[39] This is the prince who was taken by Cortés on his Honduras expedition with the kings of Texcoco and Tacuba. As punishment for plotting to escape they were hanged head downward from a tree in the wilderness. Humboldt saw this represented in a hieroglyphic painting in the convent of San Felipe Neri, and even Bernal Diaz relates that the companions in arms of Cortés were "much shocked" at the occurrence.

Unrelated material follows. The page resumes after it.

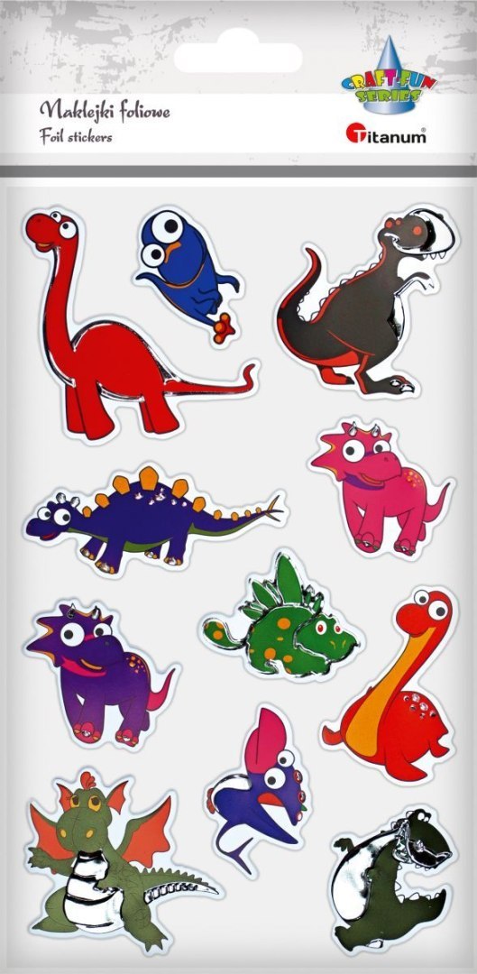 Naklejki foliowe dinozaury, mix rozmiarów i kolorów. 11 sztuk.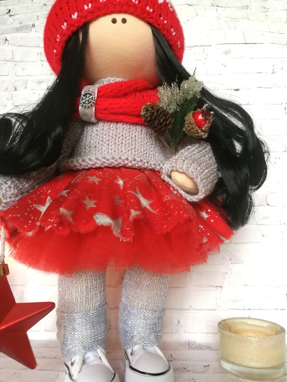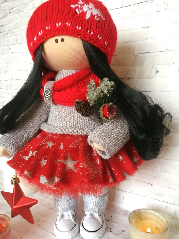 Вся немножко сверкает, потому что свитерок с лёгким блеском и звёздочки на юбке мерцают :)

Now Cuauhtemoc stands in gold and bronze in one of the glorietas of the beautiful Paseo, high on a marble column, with Aztec devices on base and plinth, where he can keep watch on his hills and volcanoes and lakes. He sustained the siege of Mexico for seventy-nine days, and the inscription says, "to the memory of Cuauhtemoc and those warriors who fought heroically in defense of their country MDXXI." Diaz and his then Minister of Public Works, Riva Palacio, MDCCCLXXVII, ordered it to be erected, and later it was finished under Manuel Gonzalez and his Minister of Public Works, MDCCCLXXXII.
[40] The body of Maximilian lies with his kin in the imperial vault of the Capuchin church in Vienna.
[41] Without civil rights.
[42] Accursed one.
[43] This ship has played a rôle in the destinies of two of Mexico's rulers, for it not only bore Diaz into exile, but it was the ship containing the ammunition for Huerta, to prevent the delivery of which we thought we were obliged to seize Vera Cruz, April 21, 1914.
[44] Died in New York, August 23, 1916, of a maladie de langueur. How could she resist a winter exiled in Harlem, after the flight from Mexico in 1915—the world, her world, in ruins? As well put an orchid in a cellar in the autumn and expect to find it blooming in the spring.
[45] This house was burned and sacked during the Decena Trágica, February, 1913, by what the newspapers called la furia popular, and remains to this day a mass of crumbling and charred walls, roofless and windowless, sic transit.
[46] The American interests are chiefly situated in the district of El Ebano, on the frontier of the states of Vera Cruz and San Luis Potosí. The English are in the district of Tuxpam in the state of Vera Cruz, and the total of the interests represented is about a hundred million dollars for the American, seventy-five millions for the English, and between two and three millions for the Mexican. The figures do rather sustain the adage that "Mexico is the mother of foreigners, but the stepmother of Mexicans."
[47] In the palace in the Salón Rojo is a large picture of the battle of Puebla, with Diaz prominently figured. The picturesque dress of the Puebla mountain Indians gives it a familiar note. There is nothing wanting to show the prowess of Mexicans, and it portrays the French retreating down-hill in terrible disorder—chasseurs d'Afrique and chasseurs de Vincennes giving it a European touch not in keeping with the bits of maguey in the landscape.